Du Parquet appointed Goursolas Lieutenant General of the island on 22 November 1653.

==Acting governor (1658)==

Du Parquet died in Saint-Pierre on 3 January 1658 aged 52.
After his death his wife Marie Bonnard du Parquet took charge of the island as regent in the name of her oldest son, Dyel d'Esnambuc.
François de Loubière, who had married du Parquet's cousin, was appointed guardian of his children.
A struggle began between two factions on the island, the Parisians led by Maubray and the Normans led by Plainville.
Plainville was named procureur-syndic on 22 July 1658.
While Maubray was absent in Antigua, Plainville arrested and imprisoned Mme du Parquet.
Goursolas presided over an assembly on 6 August 1658 in which various supporters of the Parisians were removed from office.
Goursolas and Plainville signed the minutes of this meeting.
After Mme du Parquet agreed to renounce the government, she was freed and restored to her property.
Goursolas was in effect governor.

In September 1658 Goursolas formed a force of 600 militiamen to eliminate the last Island Caribs from the northern Capesterre region of the island.
200 were carried by sea in five ships under François de Loubière, 200 advanced by land around Mount Pelée and 200 by Morne des Gommiers.
The Caribs were soon defeated by the overwhelming French forces and fled towards Dominica and Saint Vincent.
Their villages were burned, and de Loubière built a small fort on the north coast of Martinique to block their return.
Many of the soldiers received land in return for their services and went on to found sugarcane plantation dynasties.
The campaign was a decisive event in establishing full French control over the island.
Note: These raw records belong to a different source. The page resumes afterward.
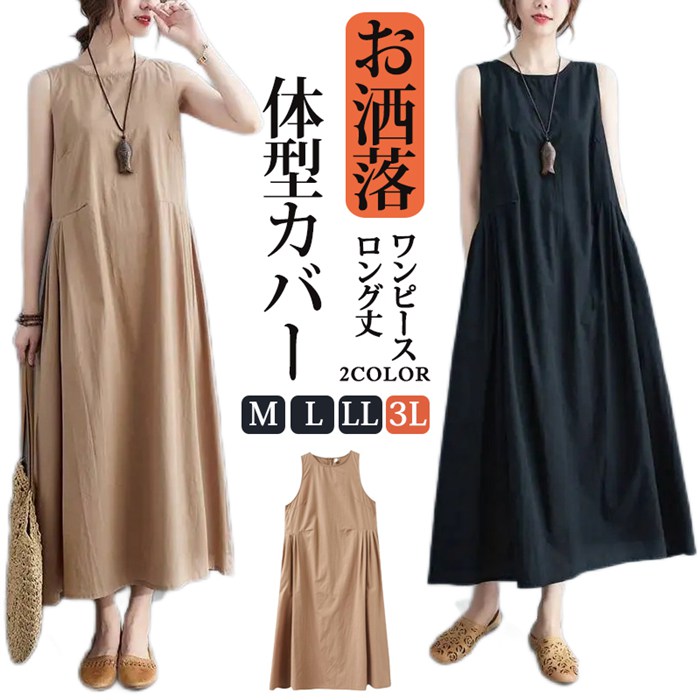 ワンピース ノースリーブワンピース きれいめ ロング レディース 体型カバー 50代 40代 30代 20代 お洒落 可愛い ファッション
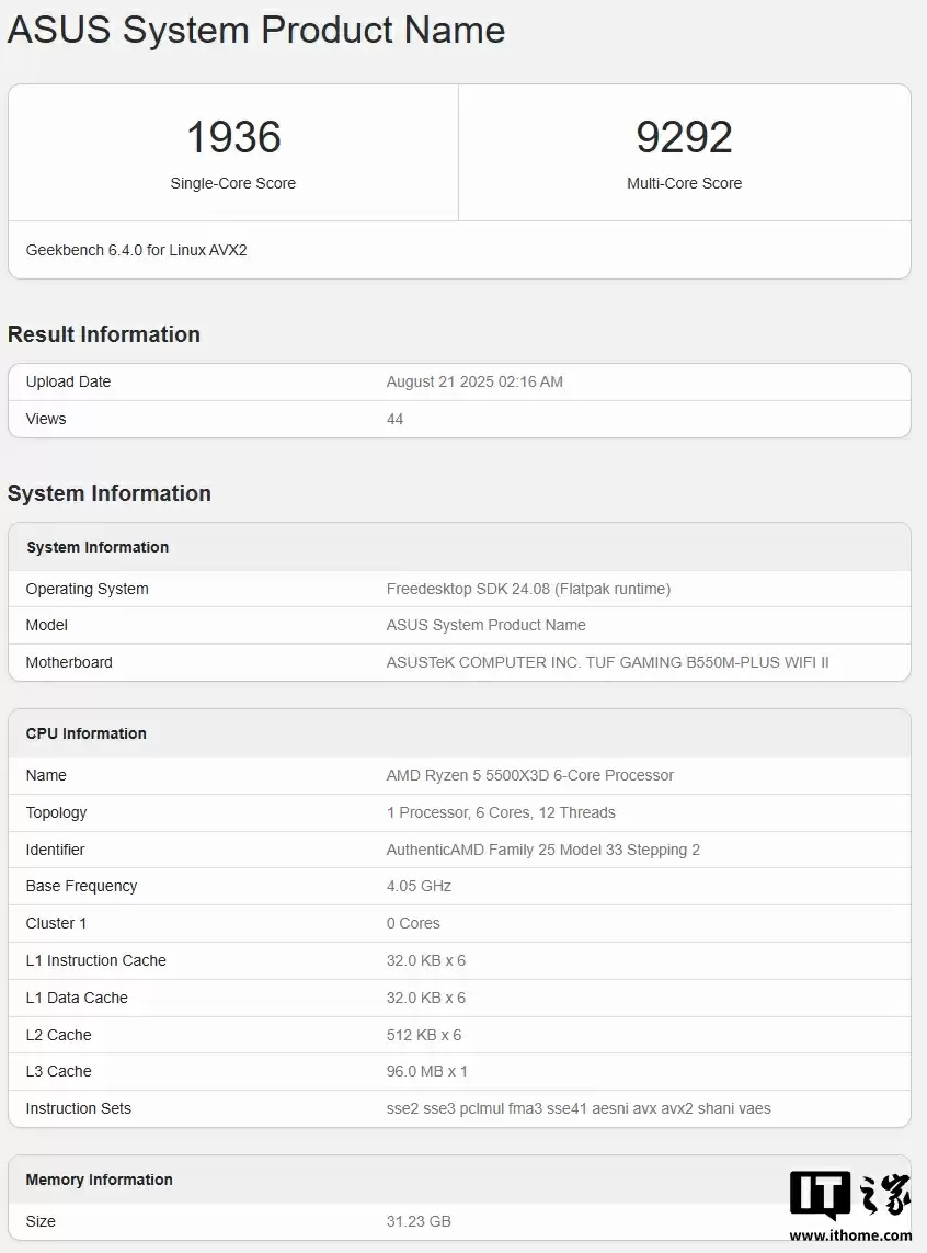 注意到,本周四华硕有一款搭载锐龙 5 5500X3D 处理器的测试平台出现在了 Geekbench 上,采用 Flatpak 虚拟化环境,配备 32GB 内存,单核测试得分 1936 分,多核测试得分 9292 分。
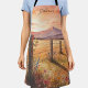 Cook, paint, or garden in style with this romantic apron of a sunset landscape, showcasing pink, yellow, and blue wildflowers by a vine-covered fence, with purple mountains. Add your name or message for a fun, custom kitchen touch, ideal for nature enthusiasts.
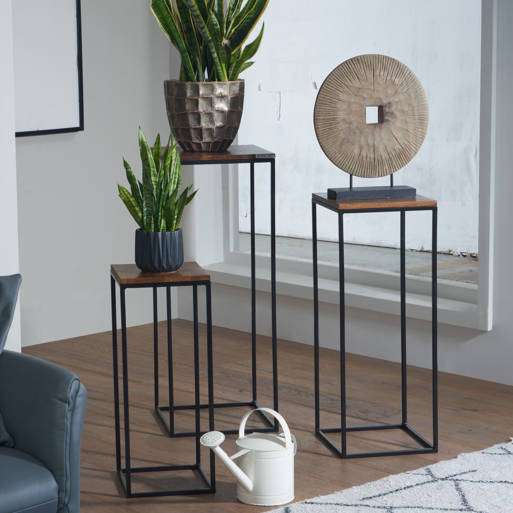 Stolik boczny, zestaw 3 stolików z litego drewna sheesham / metalu kwadratowego
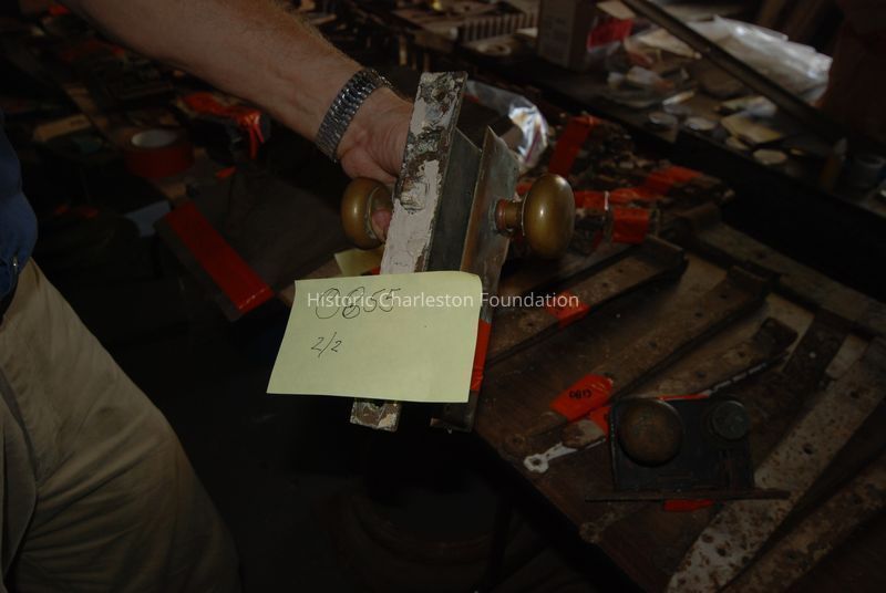 Brass doorknob and mortise lock set (two pieces).Collection
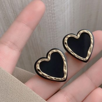 Fleepmart 2022 New Trendy Simple Heart Stud Earrings For Women Girls Temperament Vintage White Black Color Earring Party Jewelry Gifts
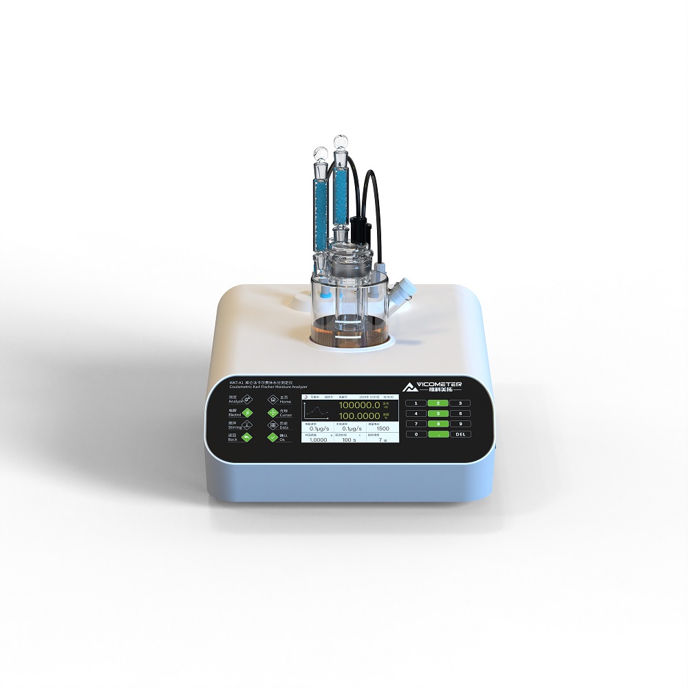 維科美拓WKT-A1"入門型"卡爾費(fèi)休微量水分測定儀利用的是卡爾費(fèi)休庫侖法(電量法)的原理去快速測定樣品中的微量水分,測定水分低至1ppm,可以在1分鐘內(nèi)測定出固體、液體、粉體的微量水分。人機(jī)界面友好,128*64藍(lán)屏液晶顯示,全中文菜單,檢測電路采用了數(shù)字處理技術(shù),克服了傳統(tǒng)儀器存在的溫度漂移和電源電壓波動(dòng)對(duì)測試過程的干擾,提高了測試的精度和靈敏度。整機(jī)采用無繼電器工藝設(shè)計(jì),消除了記憶繼電器觸點(diǎn)氧化帶來的隱患,延長了儀器的使用壽命。廣泛應(yīng)用在化工、石油、醫(yī)藥、電力、食品、科研、檢測等行業(yè)。
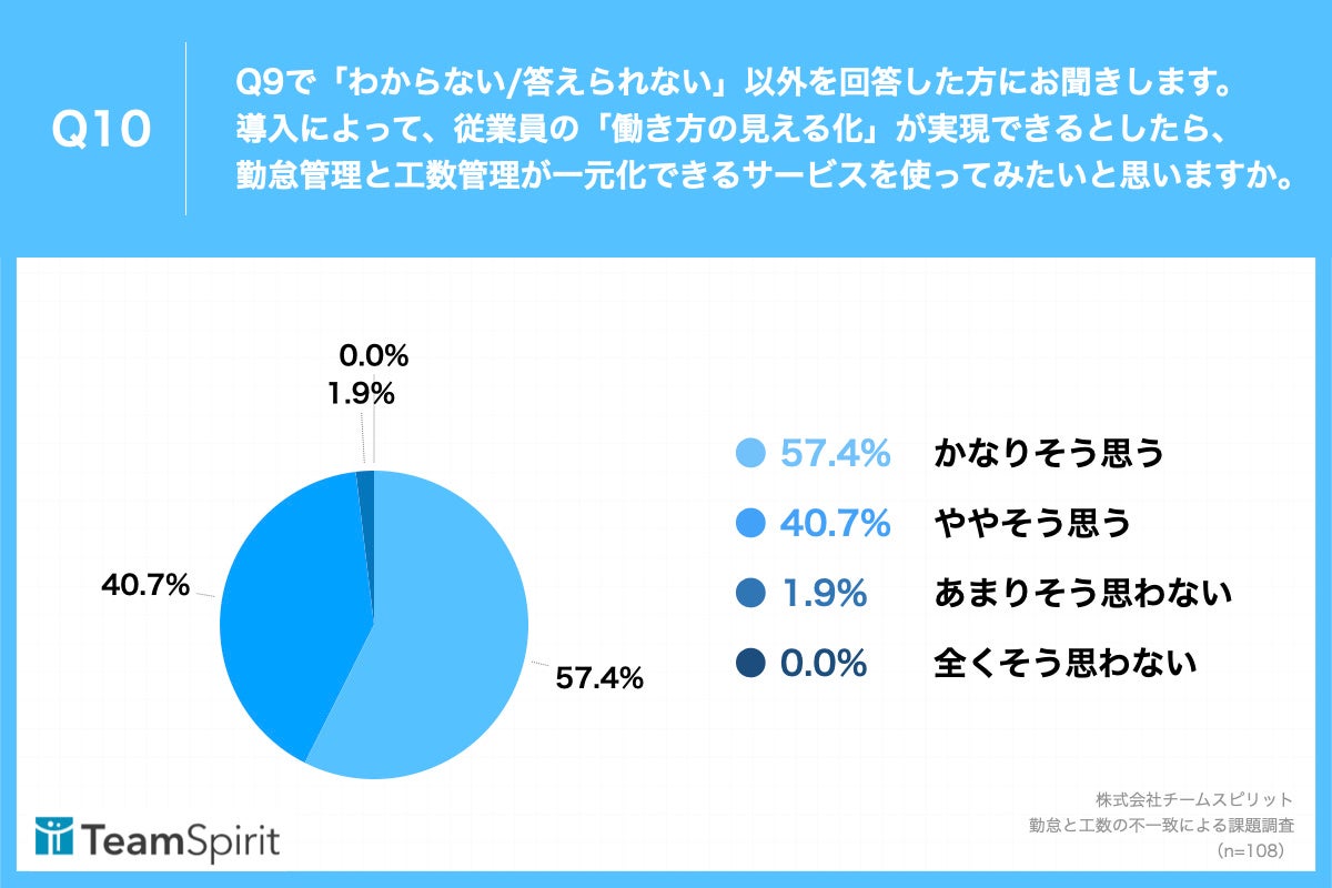 Q9で「わからない/答えられない」以外を回答した方に、「Q10.導入によって、従業員の「働き方の見える化」が実現できるとしたら、勤怠管理と工数管理が一元化できるサービスを使ってみたいと思いますか。」(n=108)と質問したところ、「かなりそう思う」が57.4%、「ややそう思う」が40.7%となり98.1%の方が勤怠管理と工数管理を一元化できるサービスに関心を示す回答となりました。

==Later career (1658–64)==

On 15 September 1658 the King appointed du Parquet's son Governor and Lieutenant General of Martinique and Saint Lucia, with his uncle Adrien Dyel, sieur de Vaudroques to act in his place until he reached the age of 20.
Goursolas was named Major and Lieutenant General of Martinique on 22 November 1658.
Adrien Dyel died on 24 October 1662, and Goursolas served as interim governor until 1663, when he was replaced by Jean Dyel de Clermont.
Médéric Rolle de Goursolas died in 1664.
A census of families on Martinique in 1664 listed Madmoiselle Jeanne Herault (38), widow of the deceased Médéry Rolle, Escuyer, Sieur de Gourselas (Médéric Rools de Gourselas), and her children Émond Rolle (7), Adrien Rolle (6), Louis Rolle (5) and Madeleine Rolle (11 months).
His wife died in Fort Royal on 15 April 1697.